Values of the tuples can be accessed by position (e.g. `query_res[0]`) or by variable name (e.g. `query_res["class"]`)


In [1]:
#uncomment if colab
#!pip install rdflib 
import rdflib

# create an empty Graph
g = rdflib.ConjunctiveGraph()

# parse a local RDF file by specifying the format
result = g.parse("https://raw.githubusercontent.com/marilenadaquino/information_visualization/main/2022-2023/resources/artchives.nq", format='nquads')
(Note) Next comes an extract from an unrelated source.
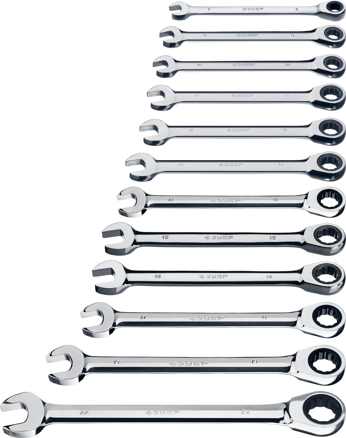 ЗУБР 12 шт, 8 - 22 мм, набор комбинированных трещоточных гаечных ключей, Профессионал (27075-H12)

# perform the query over the graph
query_results = g.query(
    """SELECT ?class (COUNT(?individual) AS ?tot)
       WHERE { ?individual a ?class .}
       GROUP BY ?class ?tot""")

# retrieve a list of tuples
for query_res in query_results:
    print(query_res[0], query_res["tot"]) # notice the two alternative ways to recall values in the tuple

Looking in indexes: https://pypi.org/simple, https://us-python.pkg.dev/colab-wheels/public/simple/
Collecting rdflib
  Downloading rdflib-6.1.1-py3-none-any.whl (482 kB)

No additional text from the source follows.